Related article, p ●
Hemodialysis (HD) staff to patient ratios have been a topic of debate since the inception of maintenance dialysis therapy, with no clear consensus on whether regulation should mandate minimum ratios in outpatient facilities. This issue recently garnered attention in California with proposition SB 349, which sought to mandate outpatient dialysis staffing ratios of 1 dialysis nurse per 12 patients and 1 dialysis patient care technician (PCT) for 4 patients. The measure was ultimately withdrawn because of lack of support from the governor and concerns about the already critical nursing shortage in California and nationwide. Research by Plantinga et al1 in this issue of Kidney Medicine helps provide context to the debate by analyzing patient to PCT staffing ratios over time throughout the country. This investigation of recent and historical trends prompts more questions to be considered and raises issues for future research.
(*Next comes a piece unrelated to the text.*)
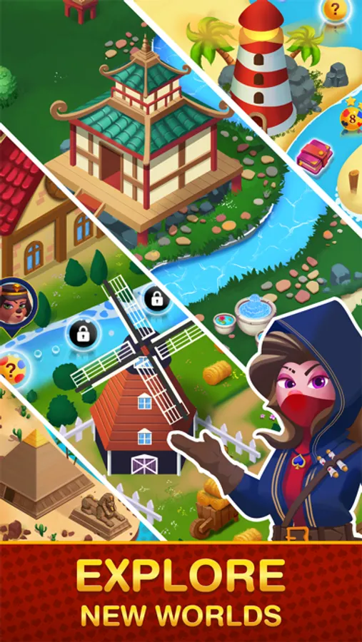 • Accumulate coins with each win, using them to unlock and venture through a plethora of diverse levels; from the serene farms to the buzzing atmosphere of Japan, perilous pirate lairs, rugged Western frontiers, mystic Egyptian tombs, and the elite high roller lounges.

PCTs represent a large portion of the outpatient dialysis workforce. The Centers for Medicare and Medicaid Services (CMS) 2022 Dialysis Facility Report quantifies over 100,000 dialysis facility employees nationwide. In total, 45% of these employees were PCTs, and 90% of PCTs worked full time in their role.2 PCTs are expected to perform most of the tasks associated with a dialysis treatment, including setting up the machine; accessing a venous catheter, fistula or graft; monitoring the patient; documenting the therapy; and turning over each station between treatments. For most patients, PCTs are the main caretaker at dialysis. They are required by CMS Conditions for Coverage to undergo on-the-job training and take a certification examination to ensure competency before practice with less direct supervision.3
The CMS Conditions for Coverage notably do not specify minimum staffing ratios, with the CMS instead focusing on quality measures that are publicly reported and affect reimbursement to hold dialysis facilities accountable for the care provided. This assumes each facility will keep staffing ratios at a level needed for the best possible performance. Eight states (Georgia, Maryland, Massachusetts, New Jersey, Oregon, South Carolina, Texas, and Utah) and the District of Columbia do have state-mandated minimum staffing ratios for outpatient dialysis facilities.
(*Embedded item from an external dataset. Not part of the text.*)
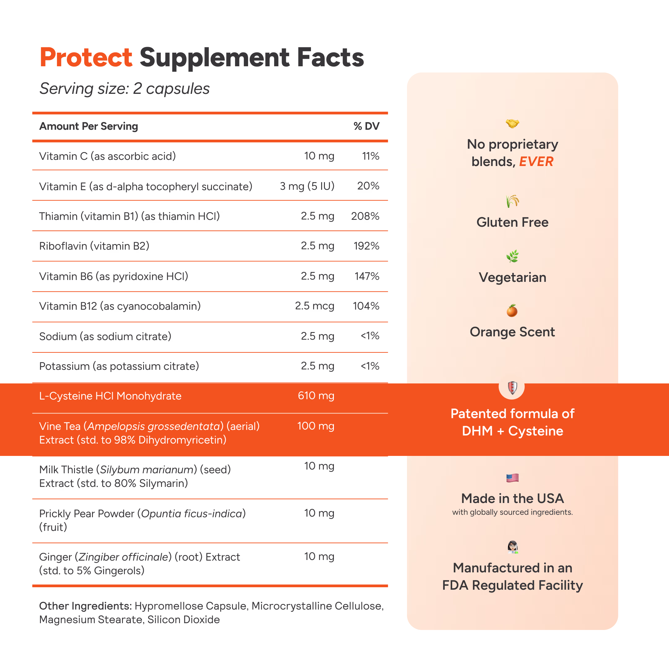 In a human study conducted for our granted patent, users of Cheers Restore felt an average of 50%+ better the next day across 8 typical effects. Wake up feeling 50% better or your money back! 2

The report by Plantinga et al1 is an ecological study of PCT staffing patterns in United States HD facilities, examining point prevalent data from 2019 in detail and trending data from 2004 to 2019 for both staffing ratios and percentage of open PCT positions. The major data sources are the Annual Facility Surveys, Dialysis Patient Compare, Medical Evidence Report (Form 2728 completed at dialysis initiation), and United States Renal Data System. The authors obtained data from an impressive 6,862 facilities for the year 2019 and then calculated the ratios based on HD patient census at the facility and number of PCTs. The average patient to PCT ratio was 9.9, although there was significant variability at the state and regional level. Midwestern and Southern regions as well as New York and New Jersey had the highest ratios. The Pacific Northwest had the lowest ratios. The lowest quartile of centers had patient to PCT ratios less than 8.2, whereas the highest quartile had ratios greater than 12. There was a decrease in the national ratio from 10.6 to 9.9 between 2004 and 2019, although the percent of open PCT positions increased from 2.8% to 3.5%.
Facilities with higher patient to PCT ratios were generally larger facilities associated with a large dialysis organization. Higher patient to PCT ratios were linked to facility characteristics, including location in higher poverty areas, higher percentage of patients with functional impairment, less permanent dialysis access, and lower numbers of transplant listings. It should be noted that the authors of this study were unable to account for the acuity of patients and did not have information regarding the number of shifts PCTs worked. Despite these limitations, the results of this study are consistent with a 2013 study from Yoder et al4 that reported average staffing ratios nationwide that were highest in large units. In this 2013 study, the lowest patient to PCT ratios were found in nonchain freestanding facilities.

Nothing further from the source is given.